DIRECTIONS FOR THIS TASK ->
Find the "The correlation of" line in the records below and repeat it and every later line exactly, up to the last; do not include pictures.

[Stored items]
%%

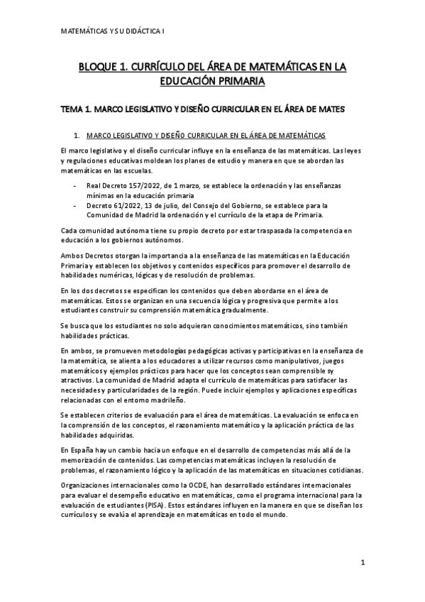 Matemáticas y Su Didáctica I
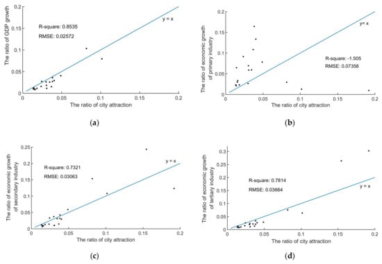 The correlation of city attraction and economic growth: (a) total GDP; (b) the primary industry; (c) the secondary industry; (d) the tertiary industry, where RMSE is root mean square error.
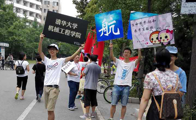 在紫荆公寓迎新现场,各院系迎新点、超市临时摊位、咨询处等一字排开。每当满载新生的校园大巴抵达,热情的学长学姐们就会把新生“抢到”各自院系的迎新点。迎新点布置各有特色:汽车系摆出了学生自制的、曾在全国大赛中亮相的方程式赛车,吸引众多新生和家长拍照留念;计算机系制作了标有6字班新生籍贯的大地图,新生报到时在自己的家乡处贴上纸条,写下寄语,来自五湖四海的新同学很快成为和睦融洽的一家人。
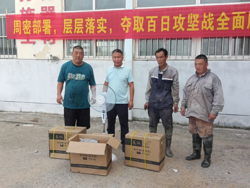 近期,海州湾工会协同公司一起深入班组开展“安全生产百日攻坚大行动”,认真排查生产作业场所及职工值班室安全隐患。在排查过程中,发现值班室的吊扇十分陈旧,运转时有晃动的现象,存在风叶脱落的危险,且风力微弱,达不到良好的降温效果。工会现场拿出解决方案,决定采购一批落地扇送入班组,为职工送去一丝清凉。
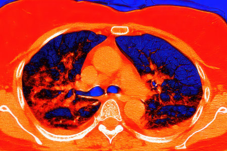 Human lungs with COVID-19 pneumonia, color-enhanced CT scan showing normal lung tissue in dark blue and affected bilateral areas with ground-glass opacities and crazy-paving patterns in red.
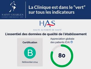 La Clinique Saint Charles se positionne très bien avec une appréciation globale des patients de

%%

ANSWER SECTION ->
 The correlation of city attraction and economic growth: (a) total GDP; (b) the primary industry; (c) the secondary industry; (d) the tertiary industry, where RMSE is root mean square error.
 在紫荆公寓迎新现场,各院系迎新点、超市临时摊位、咨询处等一字排开。每当满载新生的校园大巴抵达,热情的学长学姐们就会把新生“抢到”各自院系的迎新点。迎新点布置各有特色:汽车系摆出了学生自制的、曾在全国大赛中亮相的方程式赛车,吸引众多新生和家长拍照留念;计算机系制作了标有6字班新生籍贯的大地图,新生报到时在自己的家乡处贴上纸条,写下寄语,来自五湖四海的新同学很快成为和睦融洽的一家人。
 近期,海州湾工会协同公司一起深入班组开展“安全生产百日攻坚大行动”,认真排查生产作业场所及职工值班室安全隐患。在排查过程中,发现值班室的吊扇十分陈旧,运转时有晃动的现象,存在风叶脱落的危险,且风力微弱,达不到良好的降温效果。工会现场拿出解决方案,决定采购一批落地扇送入班组,为职工送去一丝清凉。
 Human lungs with COVID-19 pneumonia, color-enhanced CT scan showing normal lung tissue in dark blue and affected bilateral areas with ground-glass opacities and crazy-paving patterns in red.
 La Clinique Saint Charles se positionne très bien avec une appréciation globale des patients de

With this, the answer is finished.